Kastus Shchuka writes:
> On Sun, Oct 16, 2022 at 11:48:35AM +0100, [email protected] wrote:
> > So given $X:
> >
> > $ X=' A : B::D'
> >
> > Parameter substitution:
> >
> > $ ( IFS=' :'; dump $X )
> > $VAR1 = 'A';
> > $VAR2 = 'B';
> > $VAR3 = '';
> > $VAR4 = 'D';
> >
> > read substitution:
> >
> > $ echo "$X" | ( IFS=' :'; read a1 a2 a3 a4; dump "$a1" "$a2" "$a3"
> > "$a4" )
> > $VAR1 = 'A';
> > $VAR2 = '';
> > $VAR3 = 'B';
> > $VAR4 = ':D';
> >
> > It does look like read, which uses its own expansion routine, has
> > a bug: a2/VAR2 should be 'B' (or 'B::D') not ''.
>
> Not sure if it is a bug or a feature.
I can't think of a good reason why the output from these commands
should be different.
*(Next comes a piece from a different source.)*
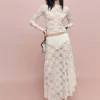 The model is wearing a size XS and is 5′ 9.5″, 24″ waist, 34.5″ hips, 34″ bust.

The manpage section describing read states
clearly that it should be using the same splitting algorithm:
"separates the line into fields using the IFS parameter (see
Substitution above)".
The diff brings them into line with each other and I think accounts
for all the edge cases.
Matthew
Index: c_sh.c
===================================================================
RCS file: /src/datum/openbsd/cvs/src/bin/ksh/c_sh.c,v
retrieving revision 1.64
diff -u -p -r1.64 c_sh.c
--- c_sh.c 22 May 2020 07:50:07 -0000 1.64
+++ c_sh.c 17 Oct 2022 09:59:21 -0000
@@ -253,6 +253,7 @@ c_read(char **wp)
int expand = 1, savehist = 0;
int expanding;
int ecode = 0;
+ int hardws = 0;
char *cp;
int fd = 0;
struct shf *shf;
@@ -376,9 +377,21 @@ c_read(char **wp)
break;
if (ctype(c, C_IFS)) {
if (Xlength(cs, cp) == 0 && ctype(c, C_IFSWS))
- continue;
+ continue; /* Trim leading space. */
+ if (!ctype(c, C_IFSWS)) {
+ /* Do not finish this variable
+ * on non IFS whitespace if the
+ * previous variable has
+ * trailing IFS whitespace.
+ */
+ if (hardws) {
+ hardws = false;
+ continue;
+ }
+ } else
+ hardws = true;
if (wp[1])
- break;
+ break; /* Finish scanning this
variable. */
}
Xput(cs, cp, c);
}